BEGIN EXERCISE DATA

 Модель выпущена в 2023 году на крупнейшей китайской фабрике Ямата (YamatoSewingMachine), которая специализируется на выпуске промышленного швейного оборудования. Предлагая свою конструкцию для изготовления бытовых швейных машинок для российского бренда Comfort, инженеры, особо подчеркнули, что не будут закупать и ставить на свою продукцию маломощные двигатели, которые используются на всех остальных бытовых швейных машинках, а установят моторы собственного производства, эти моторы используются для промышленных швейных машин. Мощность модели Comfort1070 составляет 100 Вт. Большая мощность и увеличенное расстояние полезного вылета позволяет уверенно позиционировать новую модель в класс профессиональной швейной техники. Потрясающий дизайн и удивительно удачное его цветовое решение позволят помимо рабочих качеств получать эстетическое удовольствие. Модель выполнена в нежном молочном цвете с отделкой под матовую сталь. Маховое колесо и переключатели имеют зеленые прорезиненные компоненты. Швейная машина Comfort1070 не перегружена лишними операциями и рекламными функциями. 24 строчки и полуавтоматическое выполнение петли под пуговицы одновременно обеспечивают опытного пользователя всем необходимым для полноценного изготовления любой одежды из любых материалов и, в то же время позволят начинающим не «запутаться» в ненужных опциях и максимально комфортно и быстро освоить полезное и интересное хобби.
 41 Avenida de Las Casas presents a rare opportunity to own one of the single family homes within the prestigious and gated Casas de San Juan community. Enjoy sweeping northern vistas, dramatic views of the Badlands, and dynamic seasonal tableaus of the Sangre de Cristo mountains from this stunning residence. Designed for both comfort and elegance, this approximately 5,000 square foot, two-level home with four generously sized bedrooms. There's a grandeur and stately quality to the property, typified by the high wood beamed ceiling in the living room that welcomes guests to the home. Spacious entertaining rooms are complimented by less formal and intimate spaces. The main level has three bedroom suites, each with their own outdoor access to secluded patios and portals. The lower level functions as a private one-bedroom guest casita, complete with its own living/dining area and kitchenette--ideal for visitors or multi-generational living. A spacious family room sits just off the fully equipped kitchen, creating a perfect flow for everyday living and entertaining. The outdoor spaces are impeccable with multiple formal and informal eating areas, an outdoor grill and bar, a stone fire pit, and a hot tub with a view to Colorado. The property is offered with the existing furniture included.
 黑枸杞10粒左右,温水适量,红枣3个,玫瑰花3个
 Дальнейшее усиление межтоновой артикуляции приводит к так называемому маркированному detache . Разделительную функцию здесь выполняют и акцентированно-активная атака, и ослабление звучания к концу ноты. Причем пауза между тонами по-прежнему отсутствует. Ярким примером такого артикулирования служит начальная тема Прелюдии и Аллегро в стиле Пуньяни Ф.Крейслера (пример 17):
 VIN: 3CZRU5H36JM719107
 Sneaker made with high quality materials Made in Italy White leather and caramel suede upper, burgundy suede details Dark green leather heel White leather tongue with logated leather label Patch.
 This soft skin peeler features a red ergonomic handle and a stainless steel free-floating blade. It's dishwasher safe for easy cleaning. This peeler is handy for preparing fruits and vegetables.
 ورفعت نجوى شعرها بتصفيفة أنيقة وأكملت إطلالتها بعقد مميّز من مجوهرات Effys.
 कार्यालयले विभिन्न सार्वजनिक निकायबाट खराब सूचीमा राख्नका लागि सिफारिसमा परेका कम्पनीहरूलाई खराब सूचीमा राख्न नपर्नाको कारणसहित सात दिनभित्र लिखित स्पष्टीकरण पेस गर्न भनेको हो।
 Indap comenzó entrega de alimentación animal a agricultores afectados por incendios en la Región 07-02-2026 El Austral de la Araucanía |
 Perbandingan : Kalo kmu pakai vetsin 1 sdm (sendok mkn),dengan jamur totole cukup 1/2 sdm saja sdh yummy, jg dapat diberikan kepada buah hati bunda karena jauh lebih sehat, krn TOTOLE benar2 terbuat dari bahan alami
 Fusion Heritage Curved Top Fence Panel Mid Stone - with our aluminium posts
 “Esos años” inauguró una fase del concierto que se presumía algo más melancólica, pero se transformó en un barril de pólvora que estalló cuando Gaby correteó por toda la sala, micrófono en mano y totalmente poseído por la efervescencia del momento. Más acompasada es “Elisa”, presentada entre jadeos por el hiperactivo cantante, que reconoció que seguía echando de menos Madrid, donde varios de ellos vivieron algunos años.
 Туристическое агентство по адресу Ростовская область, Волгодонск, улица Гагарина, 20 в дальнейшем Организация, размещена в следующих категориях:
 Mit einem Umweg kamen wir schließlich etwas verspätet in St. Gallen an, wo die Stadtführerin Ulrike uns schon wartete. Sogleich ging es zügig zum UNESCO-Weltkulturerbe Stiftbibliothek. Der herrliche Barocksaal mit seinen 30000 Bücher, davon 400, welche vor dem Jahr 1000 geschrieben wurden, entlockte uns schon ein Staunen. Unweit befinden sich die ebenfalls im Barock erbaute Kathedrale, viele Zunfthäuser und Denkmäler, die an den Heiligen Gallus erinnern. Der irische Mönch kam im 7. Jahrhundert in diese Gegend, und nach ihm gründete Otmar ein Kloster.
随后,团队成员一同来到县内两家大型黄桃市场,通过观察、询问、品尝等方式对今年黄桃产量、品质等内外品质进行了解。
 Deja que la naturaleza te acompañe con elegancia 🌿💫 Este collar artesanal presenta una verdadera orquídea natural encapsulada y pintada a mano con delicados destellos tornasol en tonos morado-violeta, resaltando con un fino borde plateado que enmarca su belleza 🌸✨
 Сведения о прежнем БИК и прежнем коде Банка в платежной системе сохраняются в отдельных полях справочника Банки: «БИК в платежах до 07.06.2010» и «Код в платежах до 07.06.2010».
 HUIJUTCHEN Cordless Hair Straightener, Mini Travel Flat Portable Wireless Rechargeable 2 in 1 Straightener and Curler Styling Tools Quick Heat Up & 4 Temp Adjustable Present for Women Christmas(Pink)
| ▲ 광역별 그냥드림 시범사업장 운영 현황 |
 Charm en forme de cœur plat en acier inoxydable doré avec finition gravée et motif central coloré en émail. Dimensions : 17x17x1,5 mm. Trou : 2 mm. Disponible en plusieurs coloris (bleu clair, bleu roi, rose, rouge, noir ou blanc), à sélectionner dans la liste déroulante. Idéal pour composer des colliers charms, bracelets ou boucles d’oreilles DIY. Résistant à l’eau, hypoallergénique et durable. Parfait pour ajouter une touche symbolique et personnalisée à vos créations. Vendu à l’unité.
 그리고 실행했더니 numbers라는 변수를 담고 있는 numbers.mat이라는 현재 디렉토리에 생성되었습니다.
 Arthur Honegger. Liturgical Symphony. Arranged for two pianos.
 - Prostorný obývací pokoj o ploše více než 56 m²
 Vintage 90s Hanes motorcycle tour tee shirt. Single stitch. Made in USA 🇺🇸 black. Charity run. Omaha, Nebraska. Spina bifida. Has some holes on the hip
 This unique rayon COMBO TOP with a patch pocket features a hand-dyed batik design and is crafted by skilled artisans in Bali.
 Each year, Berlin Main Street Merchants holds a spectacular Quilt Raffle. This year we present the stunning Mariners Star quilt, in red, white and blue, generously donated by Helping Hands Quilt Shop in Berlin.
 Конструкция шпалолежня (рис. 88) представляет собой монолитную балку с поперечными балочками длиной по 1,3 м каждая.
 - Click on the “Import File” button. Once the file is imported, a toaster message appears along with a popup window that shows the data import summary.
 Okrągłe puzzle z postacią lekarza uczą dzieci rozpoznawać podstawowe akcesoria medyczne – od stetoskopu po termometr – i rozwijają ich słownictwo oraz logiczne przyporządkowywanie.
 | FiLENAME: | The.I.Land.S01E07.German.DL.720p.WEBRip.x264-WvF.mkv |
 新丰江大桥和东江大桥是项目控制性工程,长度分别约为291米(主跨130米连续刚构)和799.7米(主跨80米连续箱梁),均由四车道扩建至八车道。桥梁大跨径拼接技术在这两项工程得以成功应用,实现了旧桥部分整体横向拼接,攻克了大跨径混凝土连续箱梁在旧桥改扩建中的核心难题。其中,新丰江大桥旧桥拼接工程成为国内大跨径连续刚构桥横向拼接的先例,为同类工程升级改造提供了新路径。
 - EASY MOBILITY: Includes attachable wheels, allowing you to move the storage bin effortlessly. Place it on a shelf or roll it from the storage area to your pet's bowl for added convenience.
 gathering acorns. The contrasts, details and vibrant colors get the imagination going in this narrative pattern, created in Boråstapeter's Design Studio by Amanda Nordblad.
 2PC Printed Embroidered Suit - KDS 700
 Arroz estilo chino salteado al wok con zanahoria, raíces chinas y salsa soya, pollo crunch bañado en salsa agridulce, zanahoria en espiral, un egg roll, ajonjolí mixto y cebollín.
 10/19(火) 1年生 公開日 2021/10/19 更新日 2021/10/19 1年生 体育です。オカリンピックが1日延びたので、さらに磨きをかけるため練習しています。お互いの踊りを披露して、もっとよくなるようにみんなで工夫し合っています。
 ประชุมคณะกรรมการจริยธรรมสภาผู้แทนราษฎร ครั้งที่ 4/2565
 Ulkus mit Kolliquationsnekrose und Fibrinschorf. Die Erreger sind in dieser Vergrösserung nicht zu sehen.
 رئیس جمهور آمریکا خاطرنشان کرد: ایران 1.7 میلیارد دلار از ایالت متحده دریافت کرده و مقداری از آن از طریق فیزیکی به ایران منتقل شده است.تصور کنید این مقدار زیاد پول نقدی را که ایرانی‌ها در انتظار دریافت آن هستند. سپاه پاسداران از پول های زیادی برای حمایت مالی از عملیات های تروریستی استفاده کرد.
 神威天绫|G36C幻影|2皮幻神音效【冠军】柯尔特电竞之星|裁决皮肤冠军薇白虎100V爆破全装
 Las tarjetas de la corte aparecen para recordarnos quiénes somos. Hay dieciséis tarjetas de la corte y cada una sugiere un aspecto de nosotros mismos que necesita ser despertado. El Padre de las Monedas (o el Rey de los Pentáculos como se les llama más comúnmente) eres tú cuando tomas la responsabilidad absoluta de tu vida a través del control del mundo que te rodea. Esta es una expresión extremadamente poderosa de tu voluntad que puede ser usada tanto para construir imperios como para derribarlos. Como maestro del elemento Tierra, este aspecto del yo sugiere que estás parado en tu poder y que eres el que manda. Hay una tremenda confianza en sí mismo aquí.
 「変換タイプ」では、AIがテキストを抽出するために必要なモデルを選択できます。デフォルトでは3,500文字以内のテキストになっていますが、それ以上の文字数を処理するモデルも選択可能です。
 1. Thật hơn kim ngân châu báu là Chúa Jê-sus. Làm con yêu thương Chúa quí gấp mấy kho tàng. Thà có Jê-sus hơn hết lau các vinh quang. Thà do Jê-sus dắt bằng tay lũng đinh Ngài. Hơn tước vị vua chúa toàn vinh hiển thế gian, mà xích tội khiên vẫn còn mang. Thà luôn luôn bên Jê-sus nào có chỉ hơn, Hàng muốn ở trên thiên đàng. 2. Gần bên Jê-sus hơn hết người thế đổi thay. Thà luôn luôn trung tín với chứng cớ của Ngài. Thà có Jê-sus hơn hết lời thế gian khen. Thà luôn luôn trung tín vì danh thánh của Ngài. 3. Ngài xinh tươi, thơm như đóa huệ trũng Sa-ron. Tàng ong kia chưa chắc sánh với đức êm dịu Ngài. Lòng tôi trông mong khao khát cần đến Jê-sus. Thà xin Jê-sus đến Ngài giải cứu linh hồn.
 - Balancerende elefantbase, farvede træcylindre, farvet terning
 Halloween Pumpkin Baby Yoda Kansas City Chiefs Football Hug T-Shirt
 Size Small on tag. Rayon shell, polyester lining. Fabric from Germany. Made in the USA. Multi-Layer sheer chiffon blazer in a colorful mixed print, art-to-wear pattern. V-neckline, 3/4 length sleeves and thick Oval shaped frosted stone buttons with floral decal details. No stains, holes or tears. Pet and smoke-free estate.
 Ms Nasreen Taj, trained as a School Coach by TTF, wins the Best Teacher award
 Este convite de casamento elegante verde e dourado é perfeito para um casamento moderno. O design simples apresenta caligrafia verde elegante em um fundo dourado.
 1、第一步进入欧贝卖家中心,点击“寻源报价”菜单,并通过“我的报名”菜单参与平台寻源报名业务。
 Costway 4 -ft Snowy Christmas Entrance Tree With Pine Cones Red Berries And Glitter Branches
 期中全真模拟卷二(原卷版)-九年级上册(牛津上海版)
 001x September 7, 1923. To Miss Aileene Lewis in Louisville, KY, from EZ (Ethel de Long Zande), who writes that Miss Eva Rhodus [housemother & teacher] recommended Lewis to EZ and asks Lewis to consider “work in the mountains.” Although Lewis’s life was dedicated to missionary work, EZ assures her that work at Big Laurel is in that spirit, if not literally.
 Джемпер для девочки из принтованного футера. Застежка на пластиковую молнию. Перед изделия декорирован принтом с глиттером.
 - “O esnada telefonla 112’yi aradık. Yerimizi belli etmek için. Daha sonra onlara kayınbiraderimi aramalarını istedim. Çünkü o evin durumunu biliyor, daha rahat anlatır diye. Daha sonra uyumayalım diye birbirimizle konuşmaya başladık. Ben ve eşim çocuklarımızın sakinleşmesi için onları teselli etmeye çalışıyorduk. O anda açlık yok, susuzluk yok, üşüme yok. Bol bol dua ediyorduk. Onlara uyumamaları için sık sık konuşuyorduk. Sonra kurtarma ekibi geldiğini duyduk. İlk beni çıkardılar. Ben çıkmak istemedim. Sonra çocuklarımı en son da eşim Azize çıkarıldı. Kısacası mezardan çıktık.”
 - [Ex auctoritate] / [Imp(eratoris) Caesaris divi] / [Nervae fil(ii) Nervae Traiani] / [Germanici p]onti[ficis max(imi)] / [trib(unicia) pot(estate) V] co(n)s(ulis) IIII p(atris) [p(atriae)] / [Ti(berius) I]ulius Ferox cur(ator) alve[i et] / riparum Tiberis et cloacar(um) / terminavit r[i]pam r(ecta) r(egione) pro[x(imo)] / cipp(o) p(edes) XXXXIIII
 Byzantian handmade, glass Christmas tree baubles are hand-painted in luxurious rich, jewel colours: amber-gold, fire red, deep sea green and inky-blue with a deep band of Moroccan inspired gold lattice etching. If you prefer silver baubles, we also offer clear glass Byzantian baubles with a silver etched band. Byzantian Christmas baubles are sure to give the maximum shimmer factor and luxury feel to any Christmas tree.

END EXERCISE DATA

> **GOAL OF THE EXERCISE**
Please copy every line from the entries that includes the word "para".

> **ANSWER TO THIS PROBLEM**
 Las tarjetas de la corte aparecen para recordarnos quiénes somos. Hay dieciséis tarjetas de la corte y cada una sugiere un aspecto de nosotros mismos que necesita ser despertado. El Padre de las Monedas (o el Rey de los Pentáculos como se les llama más comúnmente) eres tú cuando tomas la responsabilidad absoluta de tu vida a través del control del mundo que te rodea. Esta es una expresión extremadamente poderosa de tu voluntad que puede ser usada tanto para construir imperios como para derribarlos. Como maestro del elemento Tierra, este aspecto del yo sugiere que estás parado en tu poder y que eres el que manda. Hay una tremenda confianza en sí mismo aquí.
 Este convite de casamento elegante verde e dourado é perfeito para um casamento moderno. O design simples apresenta caligrafia verde elegante em um fundo dourado.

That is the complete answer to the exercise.